2. The Perceptron achieves the lowest accuracy due to its sensitivity to non-linearly separable and noisy data. Gradient Descent improves accuracy by optimizing a global loss function. The Margin Classifier achieves comparable or slightly better accuracy while providing improved generalization due to hinge loss and L2 regularization.

3. If a new water sample lies close to the decision boundary, the Margin Classifier is more reliable because it enforces a safety margin using hinge loss. This reduces uncertainty near the boundary and improves robustness, which is important for safety-critical applications like water quality assessment.

# Discussion Questions

### Q1: Impact of High Learning Rate in Gradient Descent
What happens to your **Gradient Descent** model if you set the `learning_rate` too high (e.g., `1.0`)?
*Hint: Think about convergence, overshooting, and divergence.*

---

### Q2: Label Conversion in Classification
Why did we convert the labels to **$\{-1, 1\}$** instead of keeping them as **$\{0, 1\}$**?
*Hint: Consider the mathematical formulation of the loss function (e.g., Hinge Loss) and symmetry.*

---

### Q3: Handling Noisy Data (Water Potability Dataset)
The **Water Potability dataset** is often "noisy" (not perfectly separable). Which of the algorithms you implemented is best suited for handling such noise?
*Hint: Think about robustness to outliers and margin-based classifiers.*


Answers:

1. If the learning rate is set too high, Gradient Descent may overshoot the optimal solution, causing oscillations or divergence. Instead of converging smoothly to the minimum loss, the model may fail to converge or produce unstable results.

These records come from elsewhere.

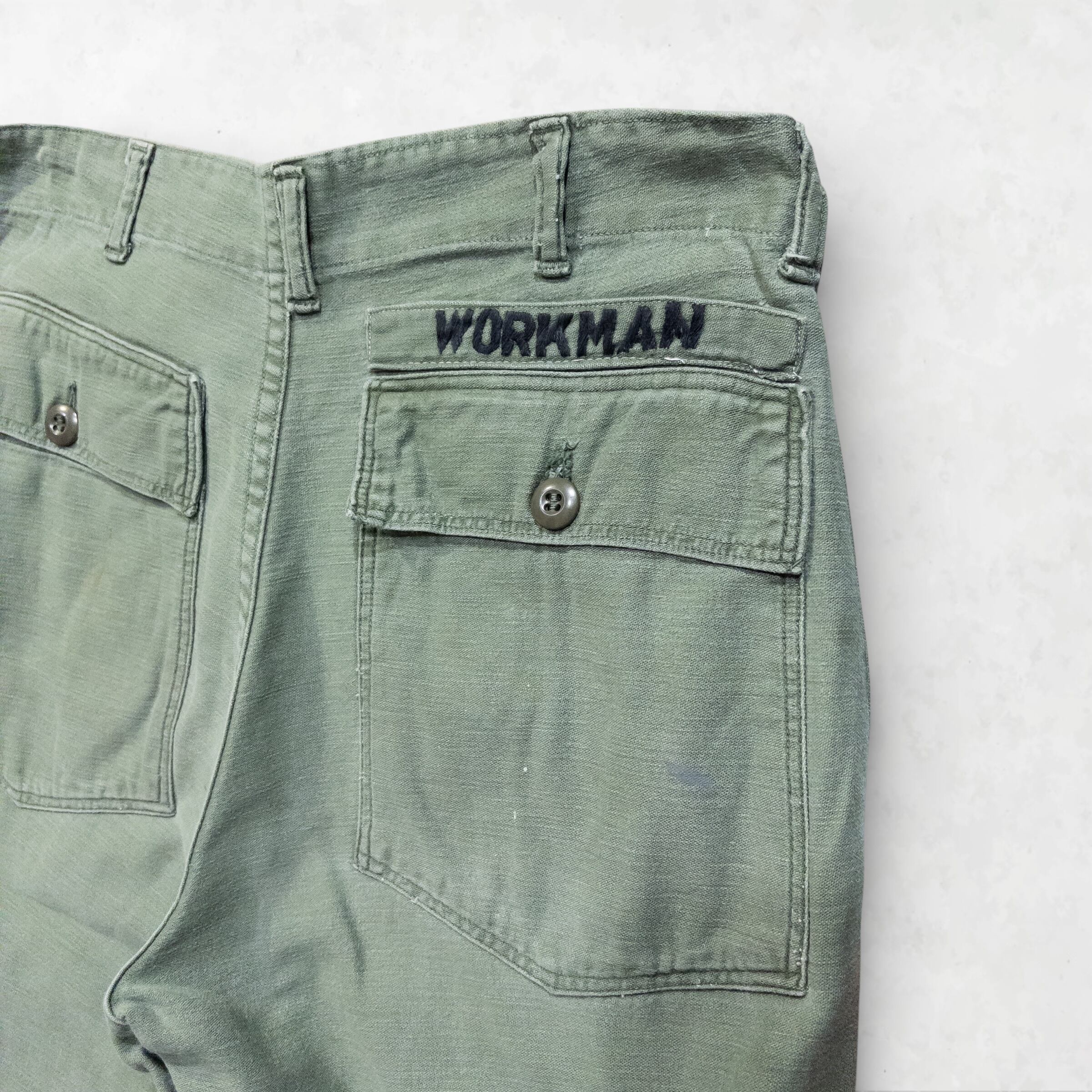 ヴィンテージミリタリーの王道であり、永遠の定番である通称「ベイカーパンツ」。今回の一着は、背面に施された「WORKMAN」の直刺繍と、フロントに散るリアルなペンキ飛びが、レプリカには絶対に出せない圧倒的なリアリティを放ちます。クリーンなアイテムと合わせて、その「無骨さ」を際立たせてほしい、魂のアーカイブです。
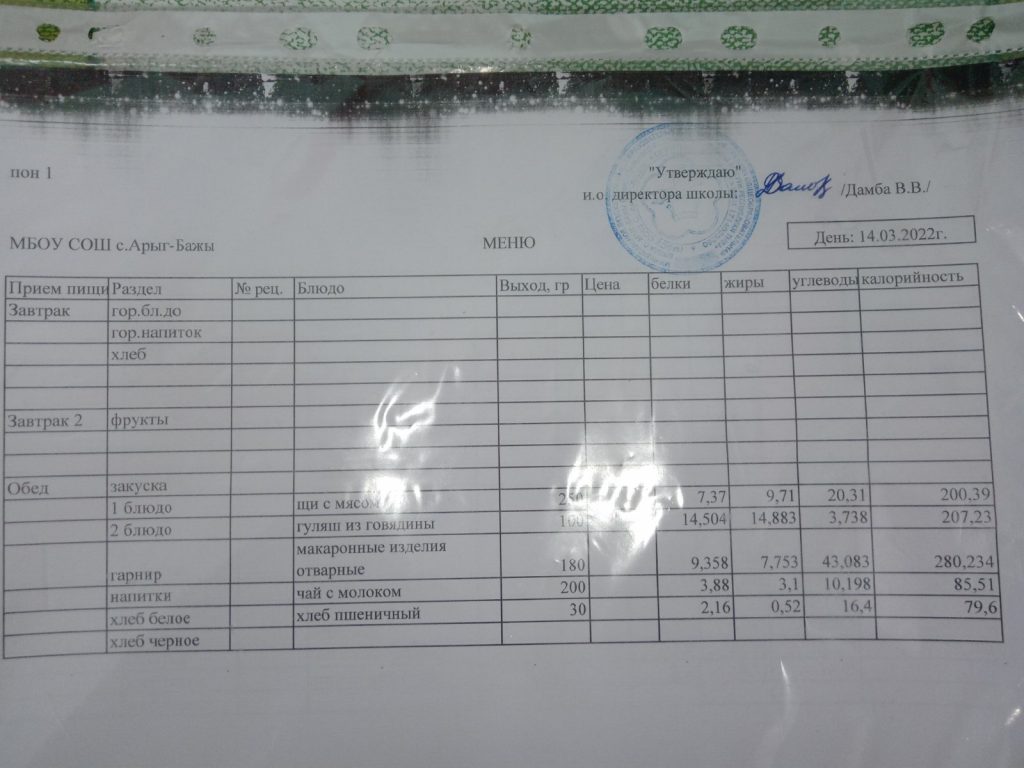 Меню на 14.03.2022
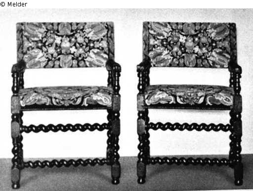 Ein Paar kleine holländische Armlehnsessel, sogenannte Rubensstühle. Nußholz gedrechselt. Westfälische, außerordentlich fein in Wolle gewirkte Tapisseriebezüge: Auf schwarzem Grund farbiges Blüten- und Früchtewerk, das auf dem Sitz behelmtes Doppelwappen umschließt. Eingewirkt Inschriften: "E.S.V.P./Spiegell. Münchhausen." Die Gestelle Holland. Die Bezüge hergestellt in der Wolfenbüttler Wirkerei des Meisters Boldwyn aus Brüssel.
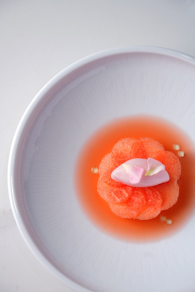 17席橘色高腳座椅,圍繞主廚展演的中島開放廚房,25坪空間,賓客與主廚都是穴居中流動的要角。高硬度石英石桌面、加高模石子腳踏,方便置放包包的布閣、玫瑰金馬賽克洗手間,搭配不同氣氛的旖旎燈效,從氛圍到使用的流場度,在在都可感受設想周到的巧思。

2. Labels are converted to {−1, 1} because loss functions like hinge loss and algorithms such as Perceptron rely on symmetric mathematical formulations around zero. This representation simplifies margin calculations and allows efficient use of dot products and sign-based predictions.

3. Among the implemented algorithms, the Margin Classifier is best suited for handling noisy data. The use of hinge loss and L2 regularization makes it robust to outliers and prevents overfitting by maintaining a stable decision boundary with a safety margin.